The ultimate benefit of listening to music while sleeping is improving sleep quality. You can get an adequate amount of sleep you need.
And getting adequate sleep prevents weight gain, and even help you lose belly fat.
10. Fights diseases
According to one research, individuals who sleep less than six hours a night face certain health risks.
They might be three times more likely to develop a condition which leads to diabetes and heart disease
Listening to music while you sleep helps you sleep deeper and more quickly, and for longer hours too.
All of this can help you fight the risk of heart diseases related to poor sleep.
What type of music should you listen to while sleeping?
So if you’ve read up till this point and you’re convinced of the benefits of listening to music while sleeping, one question comes to mind:
What type of music should I listen to?
Here’s the thing: it all comes down to what you enjoy. But here are a few tips to narrow your choice to the kind of music.
And these choices will help you sleep well.
Choose familiar music
It’s better to sleep to track that you are familiar with. Over time, it becomes the external cue to your body to wind down, because it’s time to sleep.
A familiar song will also make sure that you’re not distracted. Nor that your sleep is distracted with a surprising loud section of the new music.
Choose slower beats per minutes
Our bodies and brains are often like dry leaves during a wildfire. Once it catches a bit of the fire, it easily spreads to different parts.
This is to say one thing: our brains are very responsive. And when you want to sleep, the kind of response you want to trigger is that of relaxation.
Our breathing will begin to mirror the music’s slow beat, which will, in turn, align with our heart rate. All of this enables us to get to sleep.
That said, slow tunes and music with a rhythm of about 60 to 80 beats per minute (BPM) are ideal. Most of the studies used classical music, jazz or other sedative genres of music.
Choose music without lyrics
Most people’s minds like to catch up with lyrics in words, just because we like them or know them.
Remember that’s the last task you want to give your mind when you want to sleep. It’s important to allow the brain’s cognitive machine to wind down and rest as well.
Aim for consistency
As we’ve discovered in numerous research, our body and brains’ adaptation to sleep becomes stronger with time. Some studies used it for up to three weeks.
Plus, habits, in general, take time to not only build but also see the results.
This is why you should aim to be consistent with your bedtime music routine once you start. Don’t get discouraged if you don’t see immediate results.
Guard your emotions
If the song you choose reminds you of a date that went sour or a terrible breakup, you probably have the wrong choice.

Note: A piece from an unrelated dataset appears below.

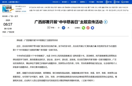 近日,自治区民政厅等10部门联合印发实施方案,定于8月至10月,在全区开展以“汇聚向善力量 共创美好生活”为主题的第十个“中华慈善日”主题宣传暨广西“慈善一日捐”活动。

Your goal is to fall asleep. You don’t want to arouse strong negative emotions that will keep you more stressed and more awake.
The other way is true too. Avoid choosing songs that will make you too excited that you can’t sleep, like a kid on Christmas eve.
Avoid the falling asleep with earbuds
Earbuds or headphones are a great way to isolate yourself into the wonderful world of music.
But it can make your sleep uncomfortable and prolonged use may lead to ear canal damage.
Enhance the rest of your sleep environment
It could also be the aroma of the bedroom or the air circulation if it’s summer. Or better yet, it could be the color of bedroom paint.
The point is: pay attention to the little things that make you feel comfortable. If you want to sleep naked, go for it.
There are so many benefits to stripping everything off at night. You can also consider reading before sleep to calm yourself down.
Make sure your body is comfortable.
Keep the temperature of your room between 60 and 75°F. An important bedroom change is having the room well ventilated.